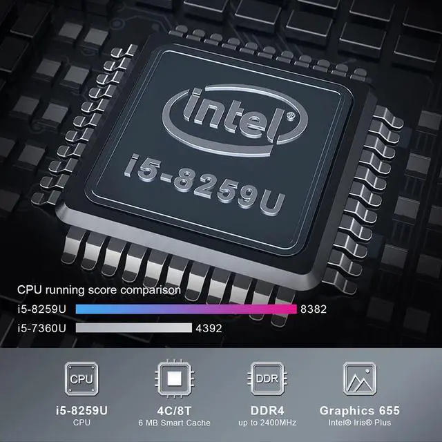 8th Generation ® Coffee Lake i5-8259U, 2.3GHz,Turbo 3.8Ghz(4C/8T)Supports 6MB Smart Cache
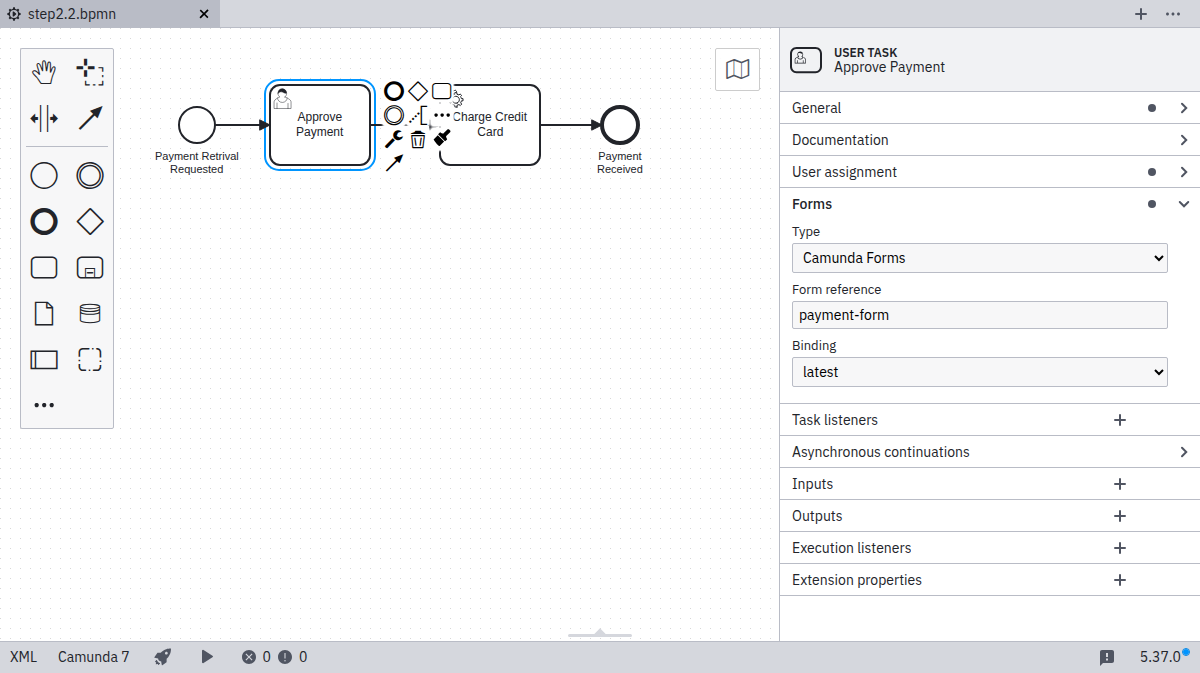 In this section, you’ll learn how to involve humans in your process by using BPMN 2.0 User Tasks.
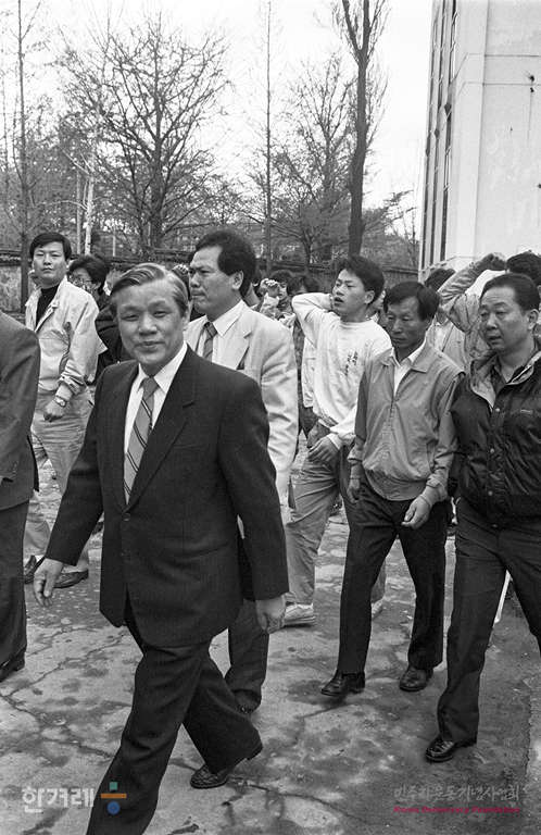 - 1990년 4월 16일 오전 10시 1대학 2총장문제로 진통을 겼어론 세종대가 지난 15일 0시를 기해 학교쪽이 무기한 임시휴업 조처를 내리고 경찰투입을 요청하면서 학내분규가 심화되는 가운데 박홍구 총장이 보직교수 등 20여명과 함께 7개월 만에 교내에 들어가려다 학생들의 저지되고 있다.
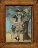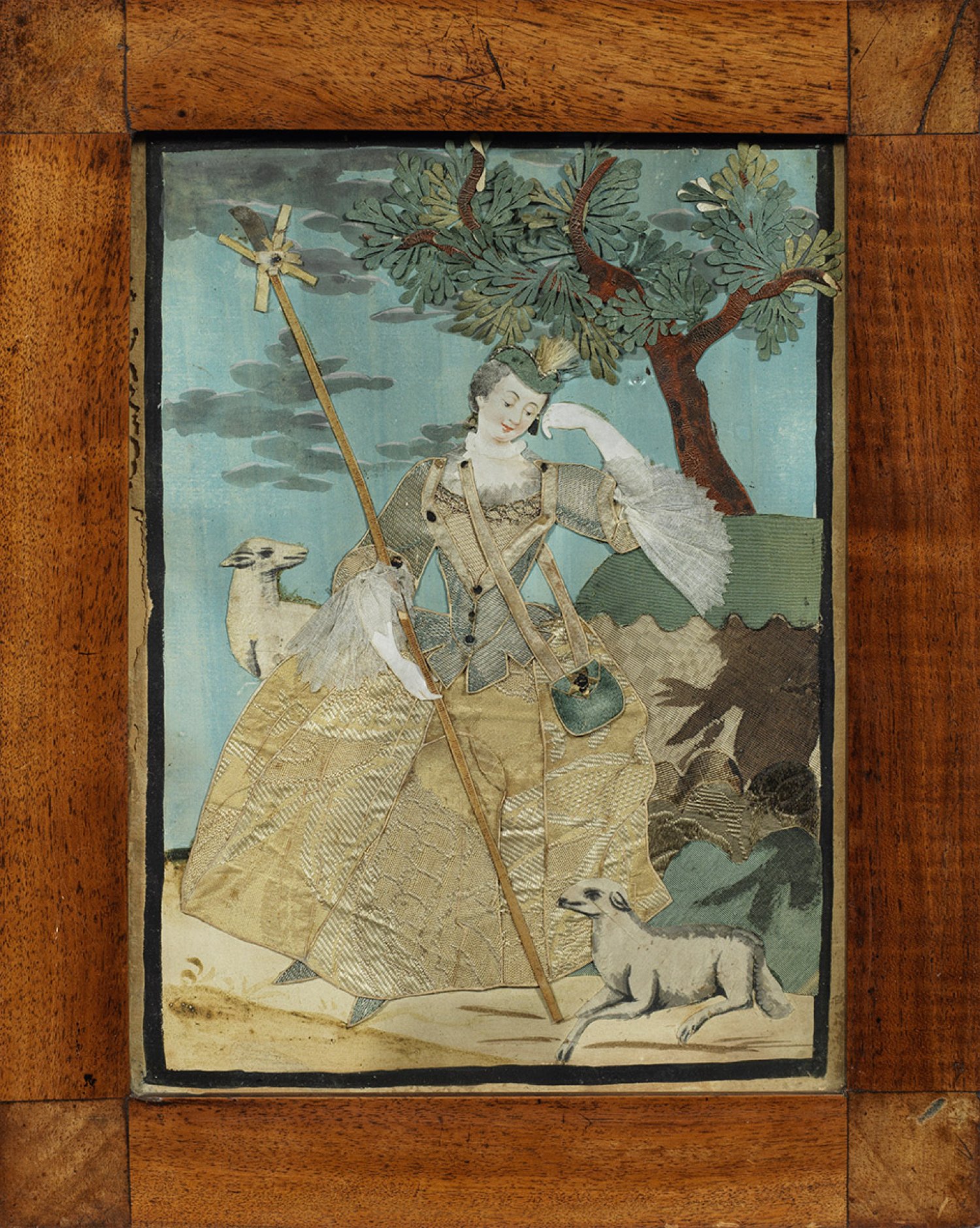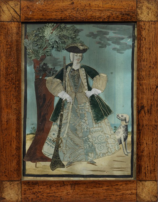 Stoff und Papier. Darstellung eines Jägers und einer Jägerin, je mit Hund sowie einer Schäferin mit zwei Schafen und Hirtenstab vor baumbestandener, weiter Landschaft. Die üppigen Rokoko-Gewänder und Hüte, die Hunde sowie die Blätter der Bäume gestaltet aus passend zugeschnittenen Stücken aus dunkelgrünem Samt, Seide und Brokatstoffen in Pastelltönen. Der Hintergrund gemalt in feiner Temperamalerei. Mit Holzrahmen. Bildmaße: 28,5 cm x 21 cm.
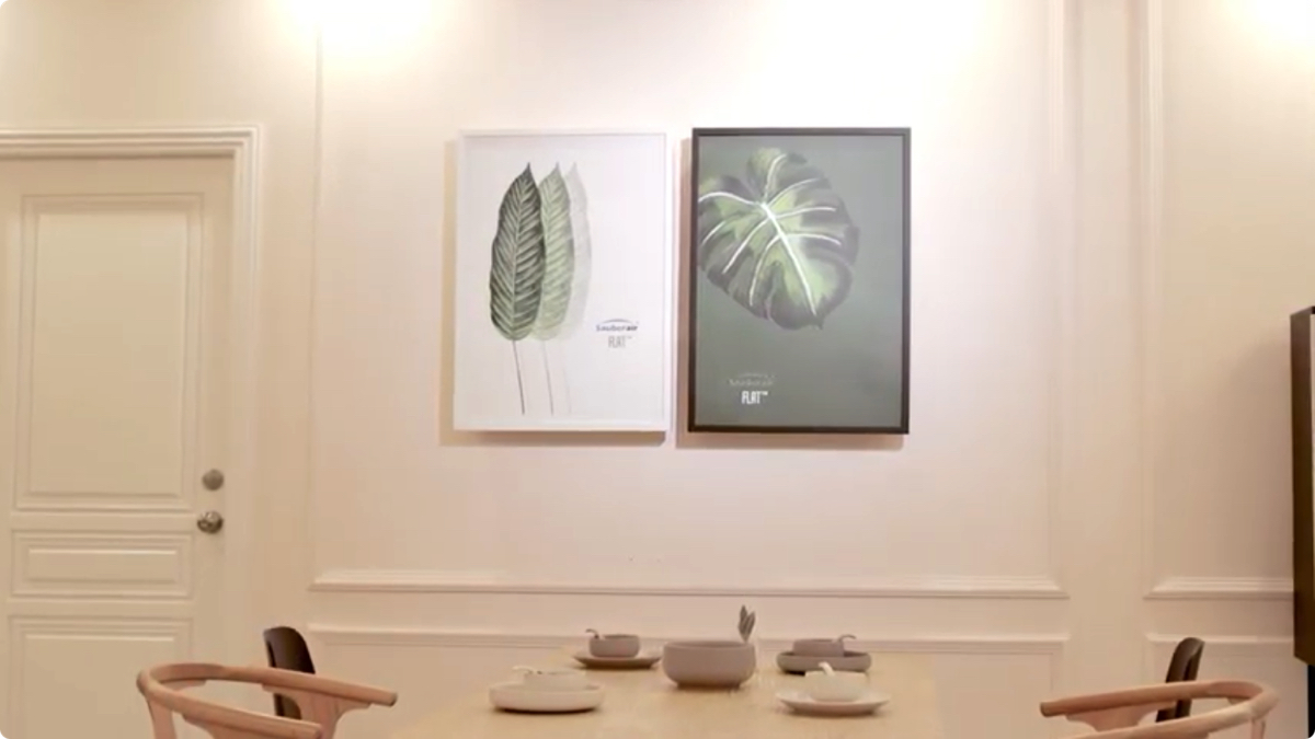 「Sauberair FLAT」の最大の特徴ともいえる、空気清浄機には珍しい壁に掛けて設置するデザイン。額縁の中に絵画を飾れば部屋のインテリアとしても使用可能だ。省スペースで空気清浄機を使えるという点でも大きなメリット。部屋にただ絵を飾るのではなく、空気清浄機として置けるため、アートに興味がなかった人も身近に感じるきっかけになりそうだ。

- _Aim of the task_:
Copy every line exactly, from the opening line of the entries down to the line holding "- 1990년 4월 16일", and keep the pictures out.

- _Task solution_:
 8th Generation ® Coffee Lake i5-8259U, 2.3GHz,Turbo 3.8Ghz(4C/8T)Supports 6MB Smart Cache
 In this section, you’ll learn how to involve humans in your process by using BPMN 2.0 User Tasks.
 - 1990년 4월 16일 오전 10시 1대학 2총장문제로 진통을 겼어론 세종대가 지난 15일 0시를 기해 학교쪽이 무기한 임시휴업 조처를 내리고 경찰투입을 요청하면서 학내분규가 심화되는 가운데 박홍구 총장이 보직교수 등 20여명과 함께 7개월 만에 교내에 들어가려다 학생들의 저지되고 있다.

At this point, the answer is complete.